Computational Sociolinguistics Tutorial

10 July 2017, Cologne, International Conference on Computational Social Science

Language is one of the main instruments by which people construct their identity and manage their social network. With the rise of social media and the increasing interest in studying social phenomena through large-scale text analysis, there has been a surge of interest in analyzing and modeling the social dimension of language using computational approaches. This tutorial provides a comprehensive overview of the emerging field of Computational Sociolinguistics.


  • Introduction

    An introduction to this research area and why it is relevant for computational social science.
  • Language and Social Identity Construction

    Language is one of the instruments that people use in shaping their identities. Recognizing that language use can reveal social patterns, various studies have explored the task of automatically inferring social variables (e.g., gender, age) from text. This part of the tutorial will cover prediction studies (e.g., can we automatically identify the gender of authors based on their language use?) as well as large-scale text analyses. Practical aspects, such as data collection (e.g., obtaining labels), will also be covered. This part also discusses how various NLP tools, such as sentiment detection, can be improved by accounting for language variation.
  • Language and Social Interaction

    People do not act in isolation, but they are part of pairs, groups and communities. Topics that will be discussed include the automatic extraction of social relationships from text, approaches to measure and analyze style shifting, and how members adapt their language to conform to or sometimes diverge from community norms.

  • Multilingualism and Social Interaction

    Many people are multilingual and they may use multiple languages in their daily communication.

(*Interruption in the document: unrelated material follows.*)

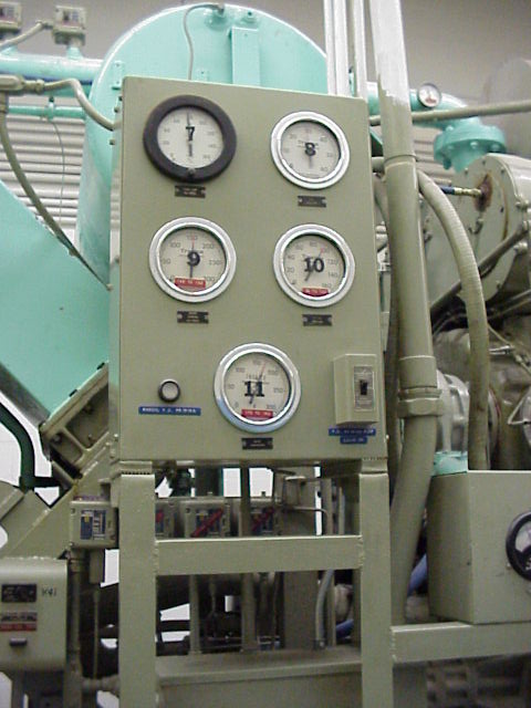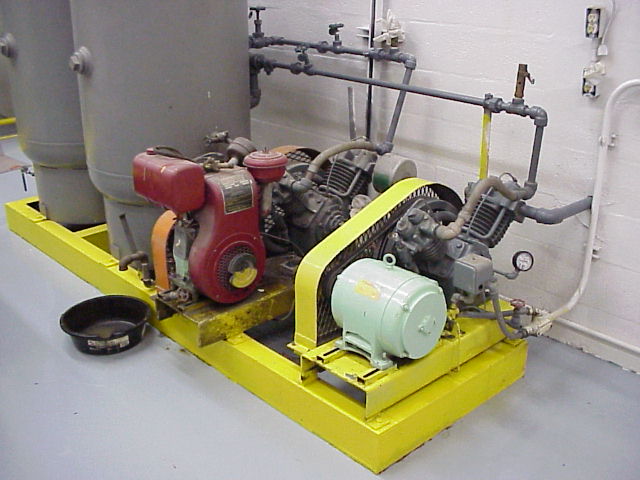 These are the air compressors that pressurize the tanks on the left. These are used to start the generator. Batteries, I think for the air compressor starters.

They may even use multiple languages in a single conversation and the choice of language depends on a variety of factors, such as the audience and topic. This part discusses computational approaches to process, model and analyze multilingual communication.

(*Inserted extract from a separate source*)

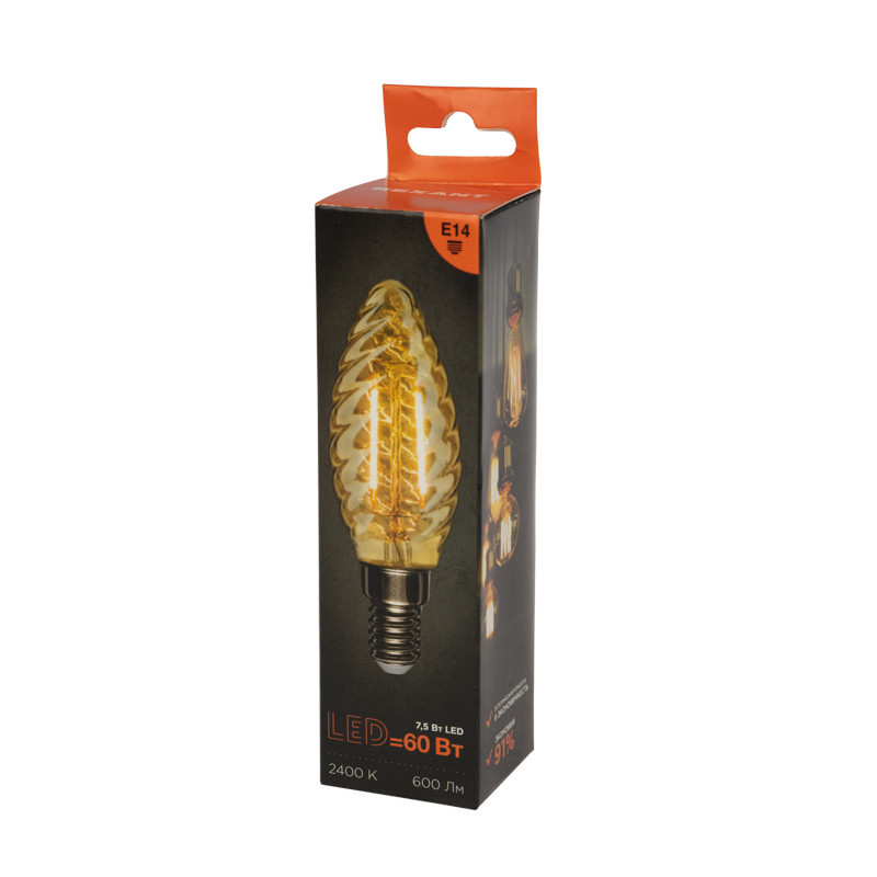Филаментная лампа мощностью 7,5Вт с цоколь Е14 обладает вытянутой колбой с витой поверхностью стекла. Используется для освещения комнат, домов, гостиниц, кафе, и других объектов.

  • Methods, Data and Ethical Challenges

    A reflection on methodological challenges that arise from the interdisciplinary character of this research area, with a focus on how NLP can support theory building and explanation. Furthermore, the tutorial will discuss challenges related to data (e.g., biases) and will highlight relevant ethical challenges.

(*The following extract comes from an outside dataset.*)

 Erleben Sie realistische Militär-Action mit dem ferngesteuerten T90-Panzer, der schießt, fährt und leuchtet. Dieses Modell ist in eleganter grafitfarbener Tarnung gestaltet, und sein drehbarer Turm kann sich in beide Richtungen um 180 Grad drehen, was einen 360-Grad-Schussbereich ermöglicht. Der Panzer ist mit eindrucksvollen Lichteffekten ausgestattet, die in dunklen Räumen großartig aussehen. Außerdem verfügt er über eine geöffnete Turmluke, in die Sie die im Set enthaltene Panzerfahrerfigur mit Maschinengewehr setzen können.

  • Open Research Challenges


Basic machine learning knowledge will be assumed but the tutorial will be accessible to an interdisciplinary audience, some who may be new to computational linguistics.

Slides (pdf)



Dong Nguyen is a research fellow at the Alan Turing Institute. She has a PhD degree from the University of Twente and a master’s degree from the Language Technologies Institute at Carnegie Mellon University. Her research has been featured in various media outlets, including Time Magazine and the New York Times. She is also affiliated with Edinburgh University.